Scientists working at the coldest places in the world are often drilling for ice core samples, which can be tens of thousands of feet below the frozen tundra. In an interview, one researcher from the University of Maine revealed that he and his team will sip a melted sample. Is that even safe?
Paul Mayewski says yes, because the areas where the samples are found are so remote, they often don’t contain as much pollution as you would imagine. It’s safe to drink. As for taste, Mayewski describes it simply as “clean.” The older the ice, the more air bubbles are trapped. These bubbles are actually carbon dioxide that could be tens or hundreds of years old. When they come into contact with water, they pop, and scientists experience a puff of ancient air. It must feel surreal.
Most of us aren’t Arctic scientists, so we can’t taste this unique water, but several companies are making liquor like vodka from glacier water. With liquor, the purer the water, the better the final product, and water from glaciers is about as pure as it gets. In Alaska, permits are required to use water from glacier. Only one man, the head of Alaska Distillery, has one. He uses water from icebergs broken from Prince William Sound. In Europe, a sea captain travels to Canada for icebergs, which he hunts out the best for a vodka maker, a brewer, winery, and Newfoundland-based water company. “Iceberg harvester” has to be one of the most unique jobs out there. It can be done beginning in the spring and ending in late September.

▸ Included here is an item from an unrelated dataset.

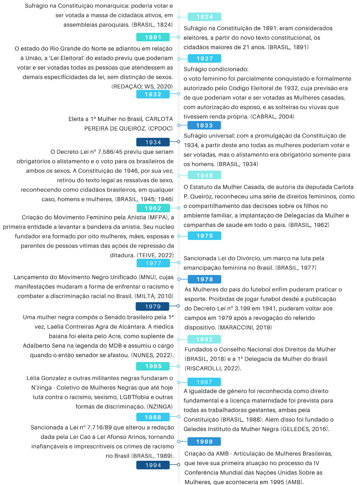
Figura III: Linha do tempo: Democracia, Direitos e Movimentos Feministas no Brasil. Parte I.

These companies join a centuries-long tradition of trying to get fresh water from icebergs. It’s a hard job and involves large boats, nets, cranes, ice picks, and other equipment. It’s an industry rife with scams, as well, and just good old-fashioned price gouging. In 2017, a high-end grocery store pulled bottles of Svalbardi, a 750ml bottle of ‘iceberg water,” from its shelves after negative reviews. The price? Over $900 each. At a certain point, water is water, even if that water is hundreds or thousands of years old.